To make manufacturing as attractive as the service sector, we must bridge the "lucrativeness gap" by offering direct wage subsidies or tax breaks for technical roles, ensuring take-home pay is competitive with IT. Beyond salary, factories need to be rebranded as high-tech "production hubs" by integrating automation to reduce manual drudgery and building modern, tech-park-style campuses. By linking financial incentives (like PLI schemes) to workforce upskilling and creating clear, prestigious career ladders—similar to the German apprenticeship model—manufacturing can finally attract the top-tier talent currently drifting toward services. This is urgently the need of the hour.

Suman Bhat's avatar

I couldn't agree more with your analysis of the current prospects for India. It is deplorable that politicians have been given the right to decide everything in India, and promptly take decisions that only benefit themselves -- never their electorate as a whole. Another truth that the Indian experiment with democracy has unearthed is that our legislators simply cannot cooperate with each other. They ignore good recommendations and useful warnings, and excel at heckling and squabbling with each other at every turn, something that is shameful to see. As such, our attempts to move ahead are doomed from the start.

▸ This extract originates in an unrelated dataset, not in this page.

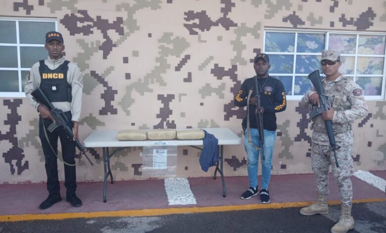 Pedernales. – Miembros del Cuerpo Especializado de Seguridad Fronteriza Terrestre (Cesfront), y agentes de la Dirección Nacional de Control de Drogas (DNCD) incautaron 30 libras presumiblemente marihuana, dentro de un t-shirt color azul marino, envueltos con cinta color marrón.

I believe that a good first step in India would be to teach everyone English, and make our teaching methods and teacher training world-class. That way, the peoples of our vast population would at least understand each other a little better. I have seen its transformative power in South East Asia, where they have openly acknowledged the need for English, and embraced best practices in foreign language learning. With a common language base, the systems and syllabi in education here will definitely move and work more easily.